Склонившись над тетрадью, я шустро записал все услышанное.

— Начнем с ритуала призыва, — сказал Ромидаль, убедившись, что я закончил. — После того как мы надели на голову покойного металлический обод, следует прочесть стихотворение, возвращающее душу в мир живых. Открывай кавычки и записывай…

Когда он, откашлявшись, начал, я на время забыл о конспекте. Приоткрыв рот, я смотрел на учителя, с чувством декламирующего заклинание призыва.

Тот урок запомнился мне лучше других.

* * *

Бак Хорник, он же Бычара, запахнув халат, вышел из ванной комнаты. При этом он напевал незамысловатую песенку, услышанную во время обязательной вечерней прогулки, которую Бак совершал каждый день вне зависимости от погоды.

В то утро Хорник ждал крайне любопытную посылку от некоего мистера Паркстона, совершенно случайно названного родителями в честь города на севере Черники. Кроме того — опять же, по счастливой случайности — мистер Паркстон, как и Хорник, безумно любил лакомиться поздней черешней, а еще угощать ею своих друзей, одним из которых являлся Бак.

Недавняя операция «Обведи Пересмешника вокруг пальца» завершилась оглушительным успехом. Всего-то и надо было подменить накладные, чтобы вместо нескольких фунтов сельди получить груз черешни «с сюрпризом». Алекс, надо думать, рвет и мечет. Еще бы! Он-то мечтал об артефакте, а в итоге получил гору вонючей рыбы.

Ах да, не только. Помимо рыбы ему досталось еще несколько поощрительных призов: встреча с ударным отрядом «ураганов» и ночь в уютной камере полицейского управления с последующим допросом — разве не об этом грезит каждый уважающий себя мафиози?

Известие о неожиданной облаве заставило Бычару немного отступить от первоначального плана.
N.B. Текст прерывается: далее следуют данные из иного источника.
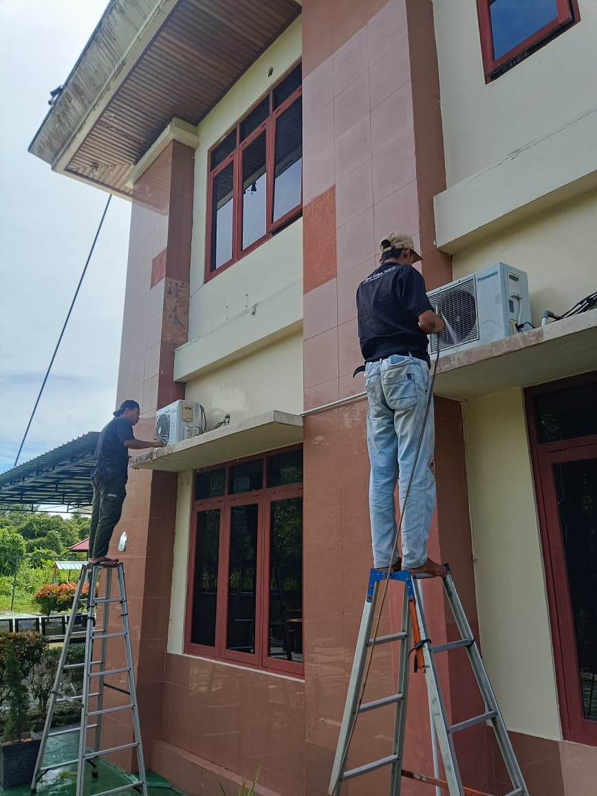 Service AC condensor meliputi pembersihan unit, pengecekan fungsi pendingin, serta memastikan kinerja AC tetap stabil untuk menunjang kenyamanan aparatur dalam melaksanakan tugas administrasi dan pelayanan perkara. Kegiatan ini dilakukan oleh petugas teknis dengan tetap memperhatikan aspek keamanan kerja.

Решив перестраховаться, он позвонил «мистеру Паркстону» и перенес встречу на утро — от греха подальше.

И вот это утро настало.

Сбросив халат, Бычара подошел к шкафу и остановился напротив зеркальной двери. Выпрямив спину, он чуток поиграл мускулами и удовлетворенно хмыкнул.
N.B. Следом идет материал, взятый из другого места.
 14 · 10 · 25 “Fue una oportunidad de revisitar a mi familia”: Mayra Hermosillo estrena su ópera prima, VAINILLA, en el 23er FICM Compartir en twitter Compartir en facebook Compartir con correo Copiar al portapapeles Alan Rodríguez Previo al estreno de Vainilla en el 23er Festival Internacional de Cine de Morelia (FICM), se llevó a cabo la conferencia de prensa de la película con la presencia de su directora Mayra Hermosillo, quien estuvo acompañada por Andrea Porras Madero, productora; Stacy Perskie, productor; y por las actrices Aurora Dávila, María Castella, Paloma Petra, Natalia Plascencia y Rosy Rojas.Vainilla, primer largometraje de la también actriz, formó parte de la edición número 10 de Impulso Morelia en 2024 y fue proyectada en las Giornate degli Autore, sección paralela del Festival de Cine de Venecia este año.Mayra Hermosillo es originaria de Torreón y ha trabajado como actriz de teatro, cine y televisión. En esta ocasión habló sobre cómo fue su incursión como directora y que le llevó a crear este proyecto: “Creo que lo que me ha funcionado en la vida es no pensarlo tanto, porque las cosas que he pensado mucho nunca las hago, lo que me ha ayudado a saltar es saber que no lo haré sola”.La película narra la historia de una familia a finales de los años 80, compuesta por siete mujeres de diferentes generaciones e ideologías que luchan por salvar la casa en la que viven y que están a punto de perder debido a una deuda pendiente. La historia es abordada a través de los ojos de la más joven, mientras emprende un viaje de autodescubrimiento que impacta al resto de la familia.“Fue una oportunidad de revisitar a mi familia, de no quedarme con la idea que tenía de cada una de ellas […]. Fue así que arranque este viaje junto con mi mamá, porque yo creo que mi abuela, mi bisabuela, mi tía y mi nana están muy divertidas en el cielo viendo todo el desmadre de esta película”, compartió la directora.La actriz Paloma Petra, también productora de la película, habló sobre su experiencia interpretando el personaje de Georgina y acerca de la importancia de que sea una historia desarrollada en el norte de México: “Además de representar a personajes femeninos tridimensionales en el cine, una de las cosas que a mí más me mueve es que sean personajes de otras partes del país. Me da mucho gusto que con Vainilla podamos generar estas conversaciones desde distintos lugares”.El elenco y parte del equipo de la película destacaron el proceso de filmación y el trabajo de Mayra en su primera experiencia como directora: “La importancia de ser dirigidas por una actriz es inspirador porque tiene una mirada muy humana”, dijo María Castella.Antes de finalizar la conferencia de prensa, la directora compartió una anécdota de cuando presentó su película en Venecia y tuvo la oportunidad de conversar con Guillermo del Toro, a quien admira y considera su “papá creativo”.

Хорник крайне гордился своим телом. Каждый день Бак изнурял себя тренировками, отжимался, подтягивался на перекладине, прыгал через скакалку и бегал. Хозяин Востока относился к той категории людей, которые, даже получив все, о чем мечтают, продолжают усердно работать над собой. Бак понимал: все, что нажито — богатство, семью и уважение, — можно потерять в один момент. В самом паскудном случае у тебя остаешься только ты сам, а значит, главное — это здоровье, это тело, которое не должно подвести, когда настанет пора испытаний и трудностей.
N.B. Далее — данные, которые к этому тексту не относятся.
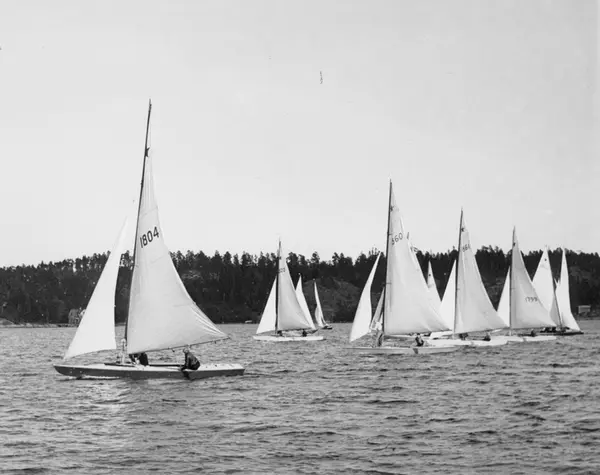 Övrigt: Från KSSS poängseglingar våren 1943, starbåtar på Baggensfjärden 5 juni. 1804 BRIDGE II i förgrunden t v; därefter följer 2120 MÄRTHA (b. 1943), 860 ASTRA (b. 1931), 861 SVARTSTAREN (skymd; b. 1932), 1799 PETITA (skymd; b. 1939) samt 1802 UNN (skymd; b. 1939). Att märka är att 2120 MÄRTHA (andra båt fr v) förekommer på bilden utan att figurera i seglingsprotokollet (KSSS årsbok 1944 s 220 f).

— Сэр? — заглянув внутрь, обратился к Баку дворецкий.

— Да, Арнольд? — небрежно бросил Хорник.

Он все не мог налюбоваться собой — крутился и так и этак, будто девица, впервые примеряющая свадебное платье.

— К вам пришли, — сообщил Арнольд.

— Мистер Паркстон? — уточнил Хорник.

— Именно, сэр.

— Отлично. — Бак удовлетворенно хмыкнул и, с явной неохотой отодвинув в сторону зеркальную дверцу, потянулся к вешалкам.

Выбор был огромен, но Хорник предпочел остальным рубашкам сиреневую. Красивому телу — наряд под стать. Пусть официально он — лишь богато разряженная кукла Эммы, все знают, кто в семье Хорников главный.

Миссис Хорник (в девичестве — Кертис) оказалась удивительно покладистой женщиной. Она сразу поняла и, главное, приняла свою роль, и за это Бак ценил Эмму и даже в какой-то степени любил. Со временем их отношения из чисто деловых переросли в приятельские, и Бак не исключал возможности, что однажды они заснут в объятьях друг друга.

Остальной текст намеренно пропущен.